Given entries:
========

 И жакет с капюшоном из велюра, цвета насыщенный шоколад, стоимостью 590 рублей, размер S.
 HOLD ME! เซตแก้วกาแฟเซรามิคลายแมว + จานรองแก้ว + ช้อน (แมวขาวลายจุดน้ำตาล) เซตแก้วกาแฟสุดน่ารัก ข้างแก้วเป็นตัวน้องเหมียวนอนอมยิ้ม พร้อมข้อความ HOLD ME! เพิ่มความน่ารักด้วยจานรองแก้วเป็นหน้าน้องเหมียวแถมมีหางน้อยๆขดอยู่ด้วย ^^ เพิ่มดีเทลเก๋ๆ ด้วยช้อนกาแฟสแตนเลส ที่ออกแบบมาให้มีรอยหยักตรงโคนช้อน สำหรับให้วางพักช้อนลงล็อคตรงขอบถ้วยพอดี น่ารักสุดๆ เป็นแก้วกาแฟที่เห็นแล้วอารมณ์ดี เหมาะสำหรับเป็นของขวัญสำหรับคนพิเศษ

========

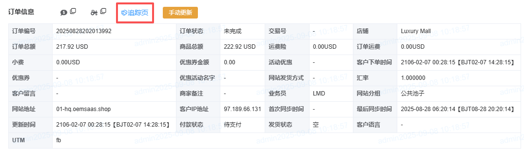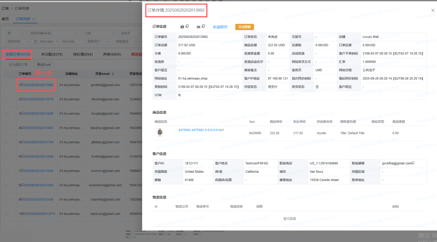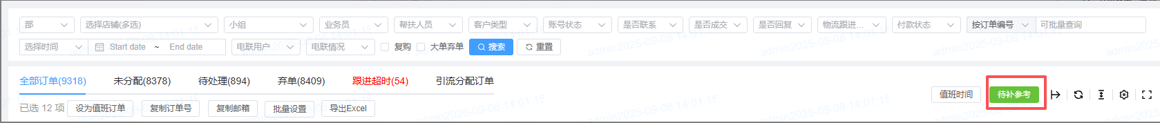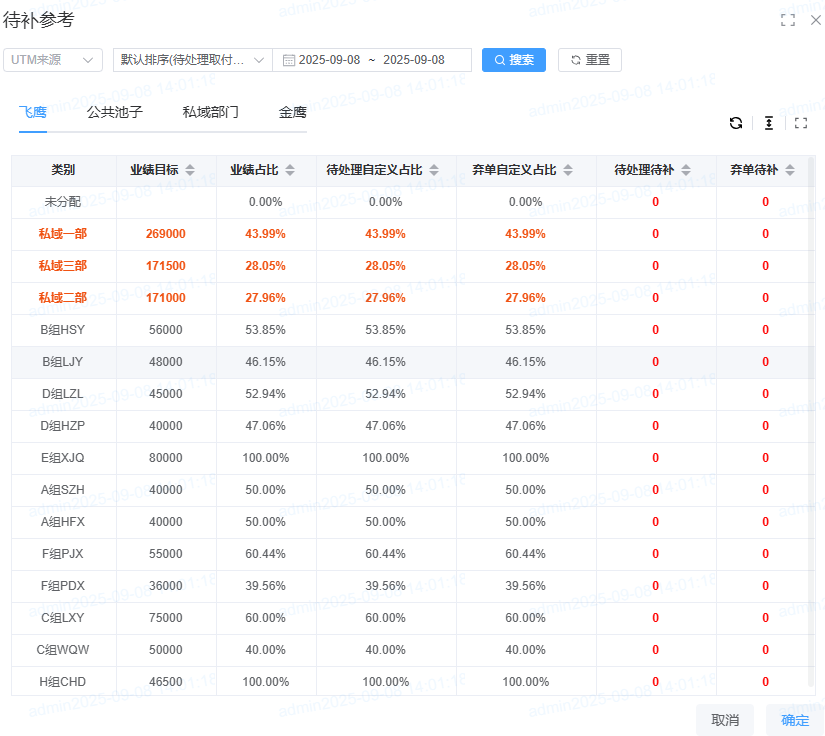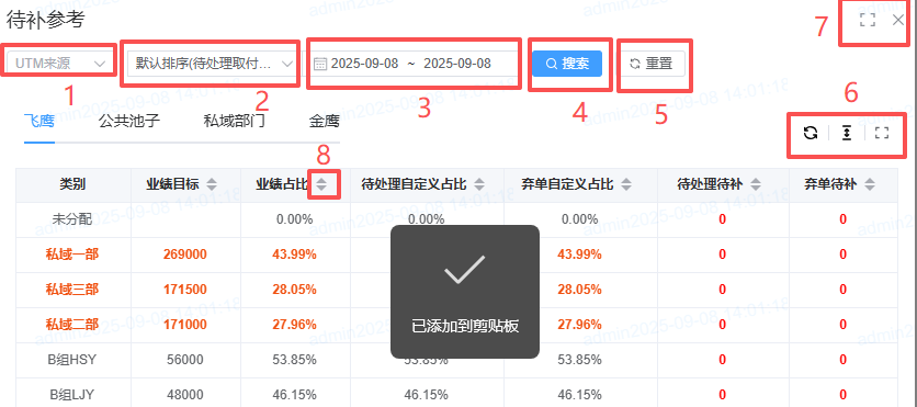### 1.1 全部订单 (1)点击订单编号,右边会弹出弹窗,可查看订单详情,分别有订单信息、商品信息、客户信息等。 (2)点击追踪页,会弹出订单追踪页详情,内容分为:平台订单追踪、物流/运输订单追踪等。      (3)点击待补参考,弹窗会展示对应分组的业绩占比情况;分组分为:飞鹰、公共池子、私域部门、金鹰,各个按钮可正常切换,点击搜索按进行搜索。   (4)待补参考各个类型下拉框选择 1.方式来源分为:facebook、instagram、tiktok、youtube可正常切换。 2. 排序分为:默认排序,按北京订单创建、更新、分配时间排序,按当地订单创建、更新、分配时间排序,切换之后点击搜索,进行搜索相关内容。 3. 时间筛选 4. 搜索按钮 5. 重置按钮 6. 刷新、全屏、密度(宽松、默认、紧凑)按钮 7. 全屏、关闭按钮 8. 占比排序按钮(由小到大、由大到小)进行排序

========

Problem statement:
Only the lines above starting at the line that holds "И жакет с капюшоном" and ending at the line that holds "HOLD ME! เซตแก้วกาแฟเซรามิคลายแมว" are to be repeated, exactly and in full.

Exercise result:
 И жакет с капюшоном из велюра, цвета насыщенный шоколад, стоимостью 590 рублей, размер S.
 HOLD ME! เซตแก้วกาแฟเซรามิคลายแมว + จานรองแก้ว + ช้อน (แมวขาวลายจุดน้ำตาล) เซตแก้วกาแฟสุดน่ารัก ข้างแก้วเป็นตัวน้องเหมียวนอนอมยิ้ม พร้อมข้อความ HOLD ME! เพิ่มความน่ารักด้วยจานรองแก้วเป็นหน้าน้องเหมียวแถมมีหางน้อยๆขดอยู่ด้วย ^^ เพิ่มดีเทลเก๋ๆ ด้วยช้อนกาแฟสแตนเลส ที่ออกแบบมาให้มีรอยหยักตรงโคนช้อน สำหรับให้วางพักช้อนลงล็อคตรงขอบถ้วยพอดี น่ารักสุดๆ เป็นแก้วกาแฟที่เห็นแล้วอารมณ์ดี เหมาะสำหรับเป็นของขวัญสำหรับคนพิเศษ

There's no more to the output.